This ratio is plotted in Fig. 1D using data collected in the case of S180 cells treated with Carbo20 over a 3 day period. At long times, Ñ_NP⁻¹ tends to a plateau value, as predicted by eqn (2). The measurement of Ñ_NP⁻¹ after a given time provides the sticking efficiency parameter, G = P_NP/P_control, characteristic of a specific cell/NP pair. Several sets of measurements were carried at constant cell concentration (4 × 10⁴ cells mL⁻¹) varying the NP volume fraction from 10⁻⁷ to 10⁻⁵. The change of G with NP concentration after two day (Fig. 2) presents two regimes (Fig. 2F): NPs have no effect on cell/cell adhesion (G = 1) until their concentration exceeds a threshold, C_e*. In this first concentration regime, NPs are internalized by cells, as confirmed by fluorescence imaging of S180 cells treated with NPs (Fig. S1, ESI†). For C > C_e*, NPs are no longer internalized but adsorbed on the cell membrane. They promote cell adhesion characterized by the cell–cell adhesion energy W_CC. This results in an increase of G, which reaches a plateau value, G_S, characterizing the sticking strength of each type of NP. The cell–cell adhesion energy W_CC as a function of NP surface concentration C_m can be written as W_CC = W_CC(0) + C_mU, where W_CC(0) is the adhesion energy in the absence of NPs and U is the energy gain per sticker.^11,12 The probability P_NP for cells to stick upon collision is proportional to e^{β[W_cc(0) + C_mU]}, where β is a numerical factor. G = P_NP/P_control can be written as e^{β[W_cc(0) + C_mU]}/e^βW_cc(0) = e^βC_mU. In the limit of βC_mU ≪ 1, it leads to a linear relationship between G and C_m: G ≈ 1 + αC_m, with α = βU.
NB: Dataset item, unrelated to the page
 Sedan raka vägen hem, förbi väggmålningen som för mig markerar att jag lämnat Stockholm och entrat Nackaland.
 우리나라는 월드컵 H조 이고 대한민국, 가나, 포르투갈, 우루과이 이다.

Fig. 2 (A–E) Plots of the changes of G as a function of NP concentration expressed in number of NPs per unit of volume for S180 cells treated with different types of NPs; data points are shown in black; the red lines are the fits of the data using the 3-state model for the formation of aggregates with (A) Carbo20, (B) Carbo200, (C) Carbo1000, (D) Amine200 and (E) SiO₂; (F) schematic representation of the plots of G vs. NP concentration indicating the characteristic concentrations used in the three-state model employed; C_e: NP concentration in numbers per volume unit; C_e*: NP concentration corresponding to the internalization threshold; C_e**: NP concentration corresponding to the threshold of saturation of the cell membrane surface; C_L: Langmuir concentration; error bars represent the standard error over 20 drops taken from the same Petri dish.
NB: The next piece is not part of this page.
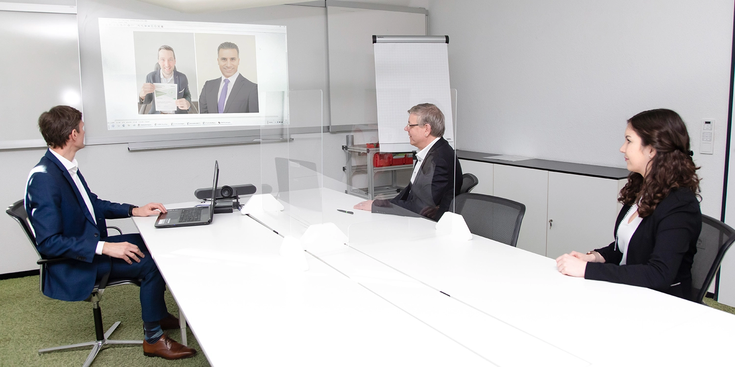 DEBATIN zeichnet Henkel als „Sustainability Champion“ aus. Über die virtuelle Urkundenverleihung freuen sich (im Raum von links nach rechts; per Videokonferenz zugeschaltet von links nach rechts):

The aim is to calculate C_m because the adhesive effect is due to the NPs located on the membrane. The spatial distribution of NPs is evaluated using the dynamical model shown in Fig. 1E. The NPs are located (i) in the bulk solution, with a concentration C_e assumed to be constant with time as the NPs are in excess; (ii) on the cell membrane, with a surface concentration C_m; and (iii) internalized in the cell, with a concentration C_i. The internalization of NPs and their removal are crucial for therapeutic applications. The mechanisms of endocytosis and exocytosis of NPs are well described in ref. 13.

To describe the adsorption, the endocytosis and exocytosis of NPs in the cells, we introduce four rate constants defined in Fig. 1E: k₁ and k₂ associated with the adsorption and desorption of the NPs on the cell membrane, k₃ with the internalization by endocytosis and k₄ with the removal of NPs by exocytosis. From a dimensional analysis, we can write k₁ ≈ r_p³τ_on⁻¹, where τ_on is the adsorption time; k₂ ≈ τ_off⁻¹, where τ_off is the desorption time; k₃ ≈ r_p³τ_in⁻¹, where τ_in is the internalization time; and k₄ ≈ τ_ex⁻¹, where τ_ex is the exit time, which is assumed to be independent of r_p.

The kinetic equations determining the distributions of NPs and in particular C_m are:

dC_m/dt = k₁C_e(C_ms − C_m) − k₂C_m − k₃C_m(C_is − C_i) (3)

dC_i/dt = k₃(A/V)C_m(C_is − C_i) − k₄C_i (4)

where k_i are the rate constants, C_ms and C_is are the saturating concentrations of NPs on the membrane and inside the cell, respectively, A is the cell membrane area, and V is the cell volume.

The ratio A/V in eqn (4) is associated with the transfer of the NPs from the surface into the cell volume and is equal to 3/R, where R is the cell radius. The volume of the droplet is large compared to the volume of the cells and we can assume that C_e remains constant (Fig. S2, ESI†).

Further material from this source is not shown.